(DATA TO PROCESS Opens)

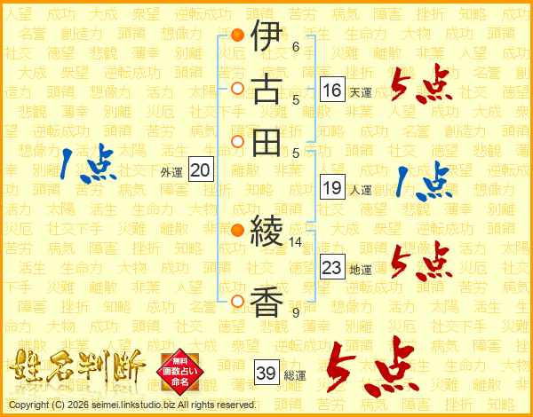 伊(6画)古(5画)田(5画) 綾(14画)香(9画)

(DATA TO PROCESS Closes)
(DATA TO PROCESS Opens)

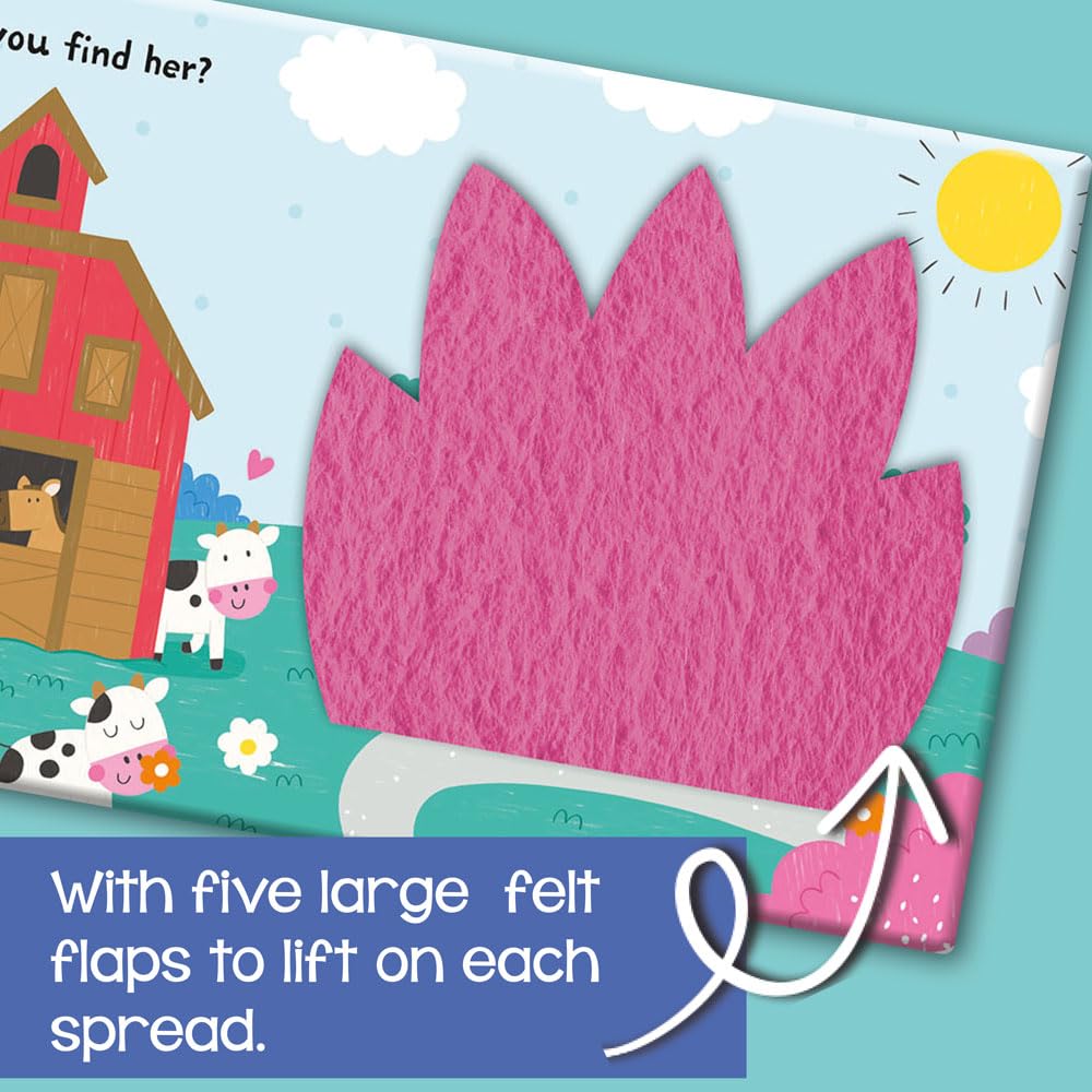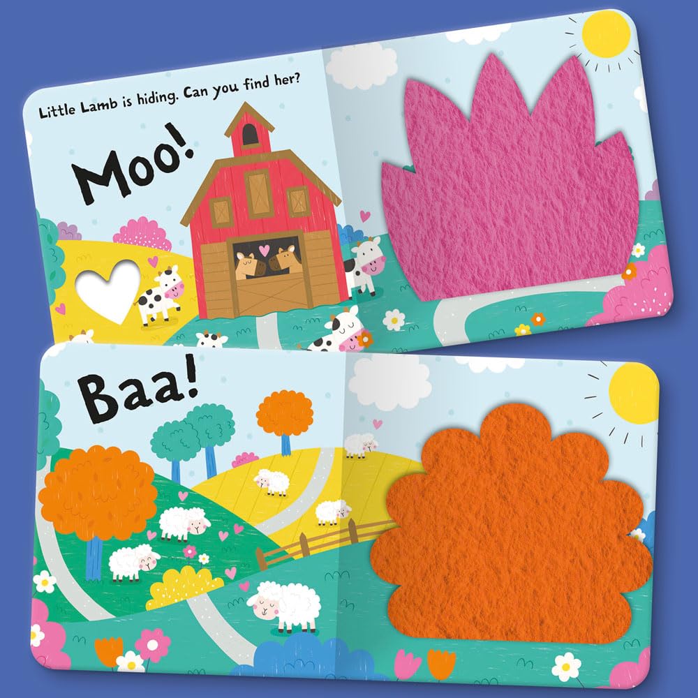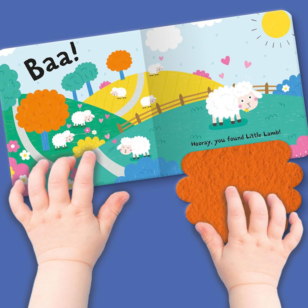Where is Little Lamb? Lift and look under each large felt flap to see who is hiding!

(DATA TO PROCESS Closes)
(DATA TO PROCESS Opens)

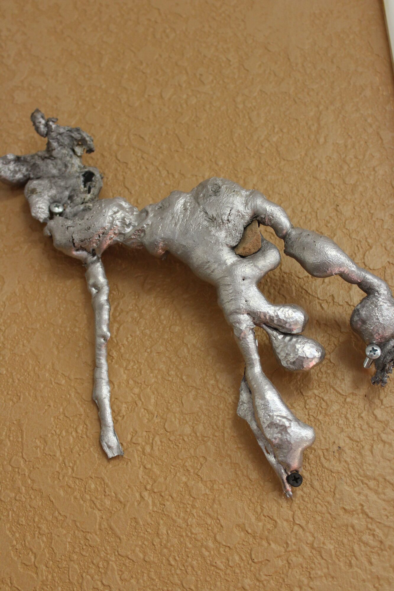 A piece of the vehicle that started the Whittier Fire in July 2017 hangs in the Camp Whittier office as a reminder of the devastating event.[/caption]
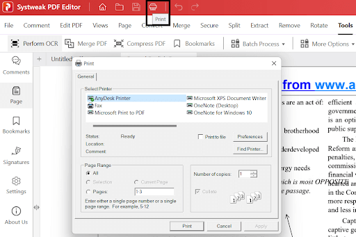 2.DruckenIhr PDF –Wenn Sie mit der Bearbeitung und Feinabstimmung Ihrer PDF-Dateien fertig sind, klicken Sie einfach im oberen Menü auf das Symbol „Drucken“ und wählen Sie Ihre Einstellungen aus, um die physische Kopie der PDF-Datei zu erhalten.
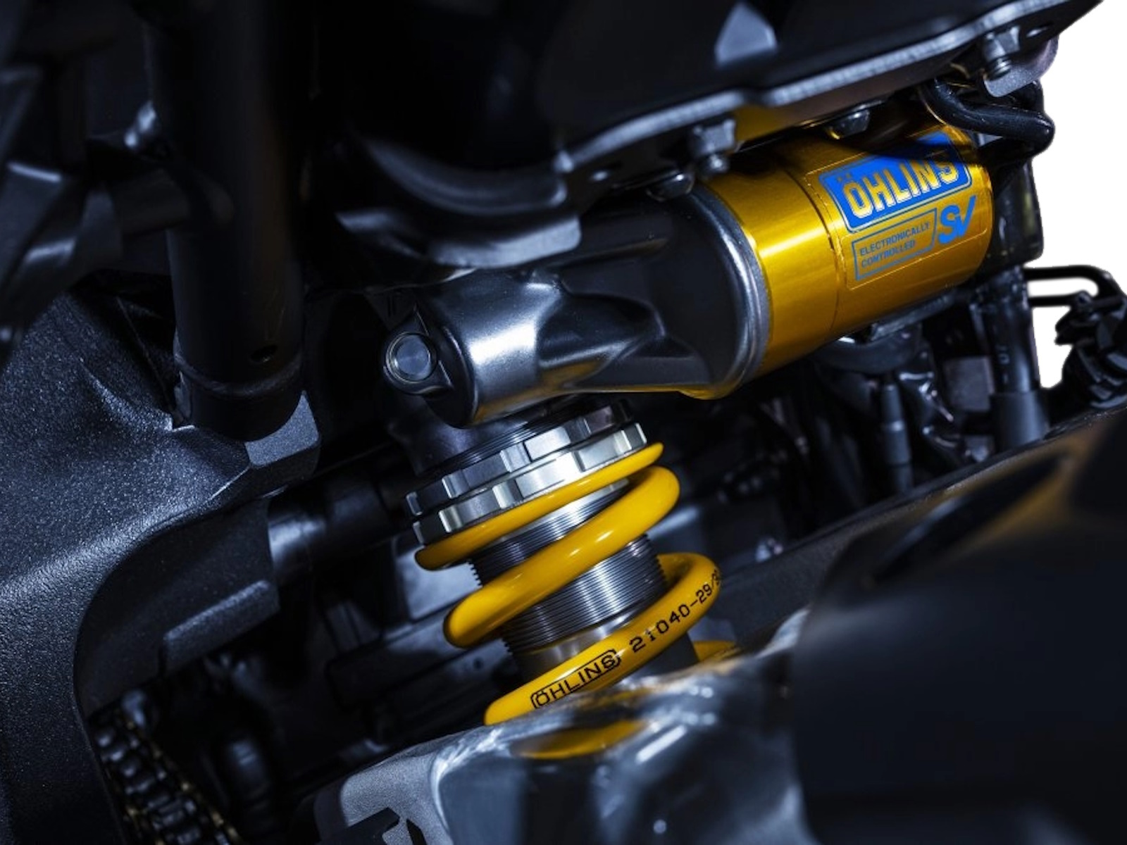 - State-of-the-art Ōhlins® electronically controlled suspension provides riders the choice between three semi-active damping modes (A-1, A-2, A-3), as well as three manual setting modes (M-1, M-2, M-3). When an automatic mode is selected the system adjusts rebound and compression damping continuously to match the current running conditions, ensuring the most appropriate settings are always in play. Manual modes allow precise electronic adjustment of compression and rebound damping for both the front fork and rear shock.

(DATA TO PROCESS Closes)

PROBLEM DESCRIPTION
Reproduce the lines above starting at the one with "2.DruckenIhr PDF –Wenn" and ending at the one with "- State-of-the-art Ōhlins®", both included, exactly and with no pictures.

THE COMPLETED TASK
 2.DruckenIhr PDF –Wenn Sie mit der Bearbeitung und Feinabstimmung Ihrer PDF-Dateien fertig sind, klicken Sie einfach im oberen Menü auf das Symbol „Drucken“ und wählen Sie Ihre Einstellungen aus, um die physische Kopie der PDF-Datei zu erhalten.
 - State-of-the-art Ōhlins® electronically controlled suspension provides riders the choice between three semi-active damping modes (A-1, A-2, A-3), as well as three manual setting modes (M-1, M-2, M-3). When an automatic mode is selected the system adjusts rebound and compression damping continuously to match the current running conditions, ensuring the most appropriate settings are always in play. Manual modes allow precise electronic adjustment of compression and rebound damping for both the front fork and rear shock.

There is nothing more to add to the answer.